An industry-wide issue was found in the way many modern microprocessor designs have implemented speculative execution of instructions (a commonly used performance optimization). There are three primary variants of the issue which differ in the way the speculative execution can be exploited. Variant CVE-2017-5753 triggers the speculative execution by performing a bounds-check bypass. It relies on the presence of a precisely-defined instruction sequence in the privileged code as well as the fact that memory accesses may cause allocation into the microprocessor's data cache even for speculatively executed instructions that never actually commit (retire).

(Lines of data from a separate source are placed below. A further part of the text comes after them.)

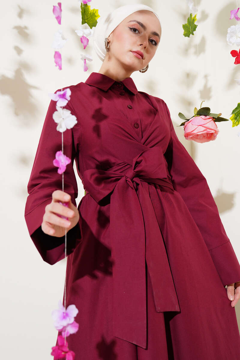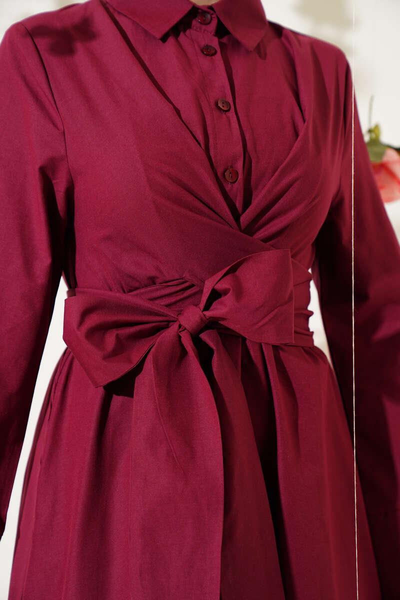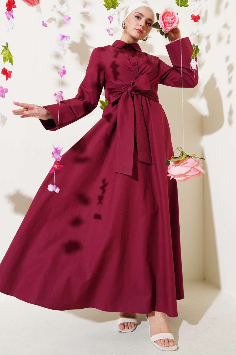 Bel Tünelli Gömlek Yaka Kot Elbise Füme
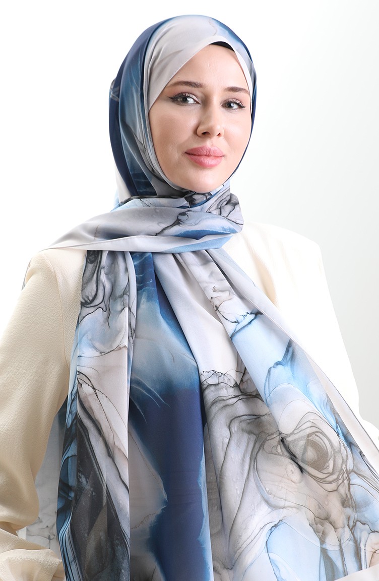 شال حرير فرنسي من هانزاد 70328-01 نيلي فاتح من المنك 70328-01
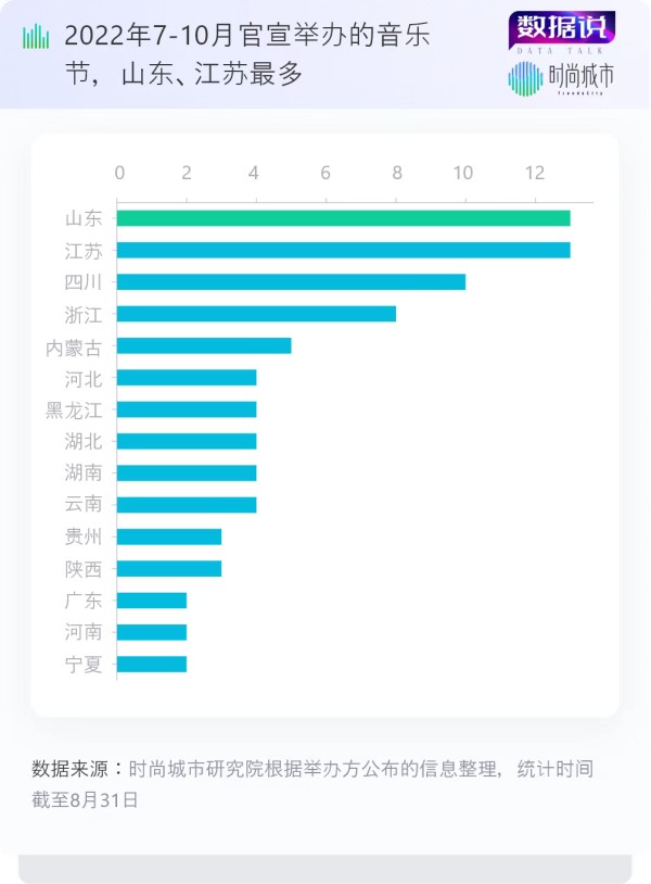 每年7月到10月,是音乐节举办的高峰期,今年,各省市举办音乐节情况,山东、江苏、四川、浙江位列前分别以12场、12场、10场、8场位列前4,内蒙古以5场紧随其后,河北、黑龙江、湖北、湖南分别有4场音乐节。
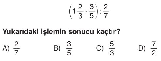 6. Sınıf Kesirlerde Bölme İşlemi Test 10
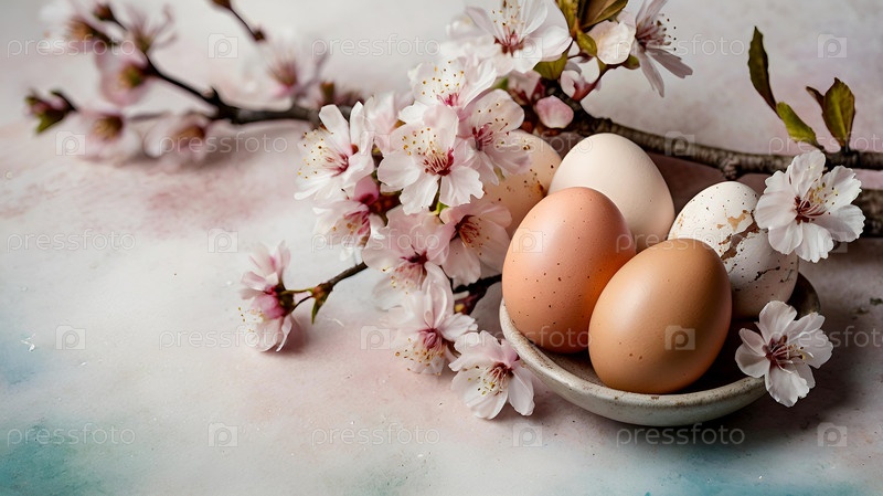 Нежные пасхальные яйца и вишневые ветви цветут на пастельном акварельном фоне с нежными полосками
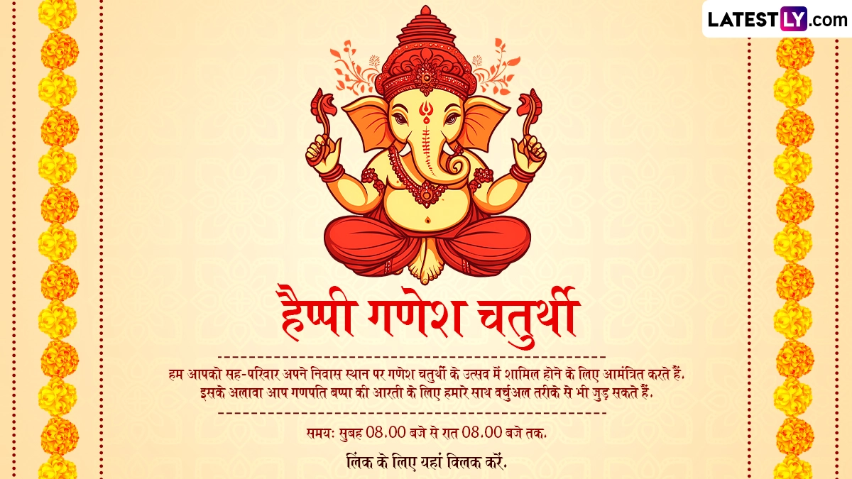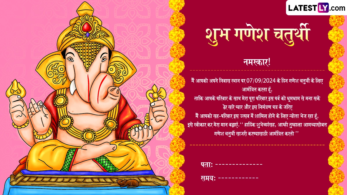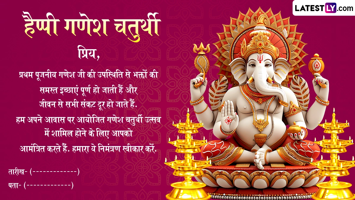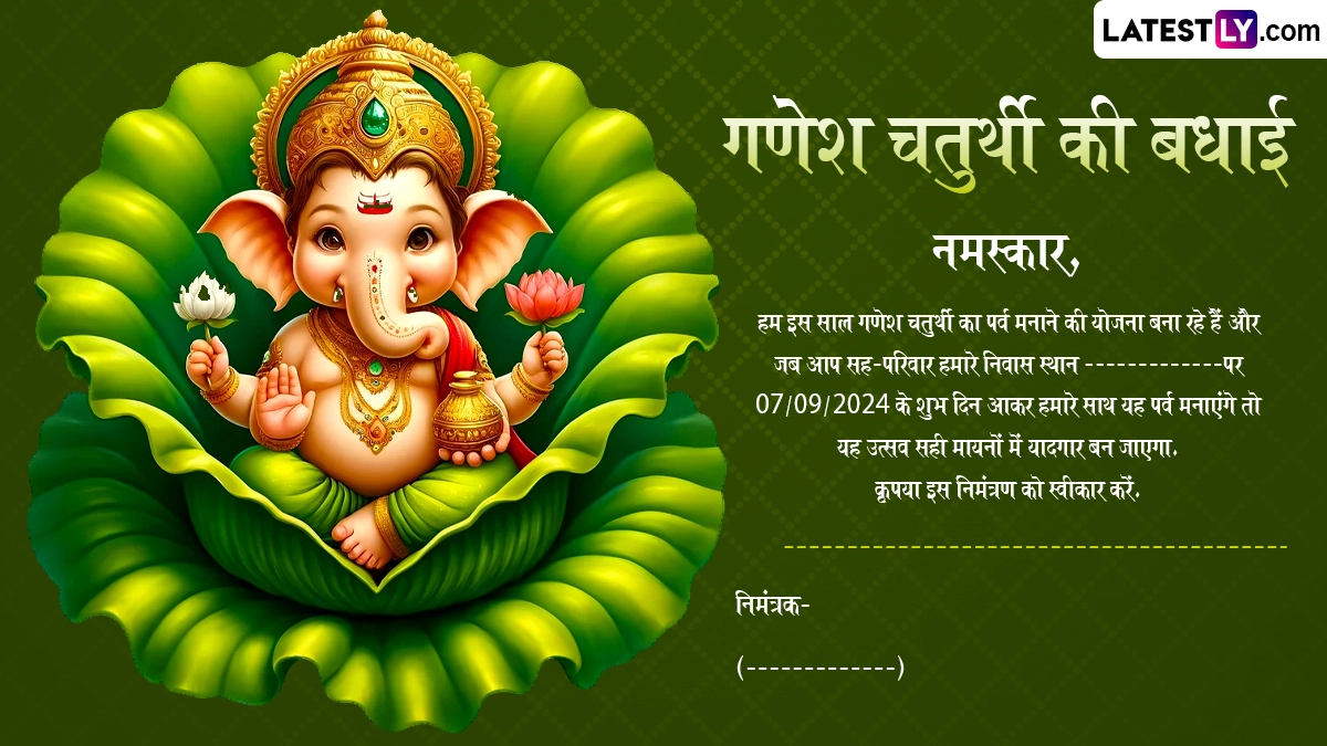 Ganesh Chaturthi 2024 Invitation Card: गणेश चतुर्थी (Ganesh Chaturthi), जिसे विनायक चतुर्थी (Vinayaka Chavithi) या विनायक चविथी (Vinayaka Chavithi) के नाम से भी जाना जाता है, एक व्यापक रूप से मनाया जाने वाला हिंदू त्यौहार है. यह त्यौहार दुनिया भर में हिंदू समुदाय द्वारा मनाया जाता है. यह विशेष रूप से महाराष्ट्र राज्य में बड़े पैमाने पर मनाया जाता है. गणेश चतुर्थी भगवान गणेश की जयंती का प्रतीक है, जिन्हें बुद्धि, ज्ञान और नई शुरुआत का देवता माना जाता है. 10 दिवसीय गणेशोत्सव उत्सव अपार आनंद, उत्साह, सांस्कृतिक कार्यक्रमों, जीवंतता, संगीत, गीतों और भजनों के साथ मनाया जाता है. भक्तों द्वारा निभाई जाने वाली एक प्रमुख परंपरा भगवान गणेश की मूर्ति को घर लाना है. फिर दोस्तों और परिवार को दर्शन के लिए आमंत्रित किया जाता है. यदि आप गणेश चतुर्थी 2024 निमंत्रण कार्ड, गणपति दर्शन निमंत्रण कार्ड टेम्प्लेट, या गणेश चतुर्थी 2024 इन्विटेशन कार्ड की तलाश कर रहे हैं, तो आप सही जगह पर आए हैं!

As a result, an unprivileged attacker could use this flaw to cross the syscall boundary and read privileged memory by conducting targeted cache side-channel attacks.

CVSS3 Base Score    8.2

For Unitrends systems, the risk of this exploit is minimal because shell access is restricted and the complexity is high, but many customers will need this resolved for compliance testing. 

Related CVEs:  CVE-2017-5754, CVE-2017-5715

RESOLUTION

For Unitrends Physical Appliances and VMWare UBs, to immediately install the security update that contains protection from this threat:
Click Here:  ---->  How to apply Unitrends security updates
You should reboot after applying this security update in order to run the new kernel. 

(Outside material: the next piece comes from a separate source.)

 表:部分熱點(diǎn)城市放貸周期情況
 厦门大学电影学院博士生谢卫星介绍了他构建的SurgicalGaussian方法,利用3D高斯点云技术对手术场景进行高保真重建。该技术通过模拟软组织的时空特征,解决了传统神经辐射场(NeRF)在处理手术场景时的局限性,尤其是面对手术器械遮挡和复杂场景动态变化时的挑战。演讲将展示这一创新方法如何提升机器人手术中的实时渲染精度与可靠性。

This risk is mitigated with Unitrends security_update v10.17 or later which includes kernel-2.6.32-696.18.7.el6.  This updated CentOS6 kernel will be applied to physical and VMware UB systems.
For Xen UB VMs, this kernel is not compatible, and the host update is not yet available. 
For Hyper-V UB and Azure UB, the kmod-microsoft-hyper-v rpm to support this has not yet been released.

With v10.18 on 01/09/2018, the Unitrends security_update adds a qemu-kvm-0.12.1.2-2.503.el6_9.4.x86_64.rpm package also.

Note that the new kernel may have a performance impact.  Red Hat estimates that the impact will reduce performance in a range from 5% to 30%.  Unitrends has not yet completed its own performance estimates, but we believe that our performance impact will be on the low end of this range because the speculative execution functions affected are used less on our systems.  

If the new kernel performance is not satisfactory, run this command from PuTTY/ssh and reboot to revert to the previous kernel:

/usr/bp/bin/setboot 1
Note that if the UB is a guest VM on VMware ESXi, it is also important to update the VMware ESXi host.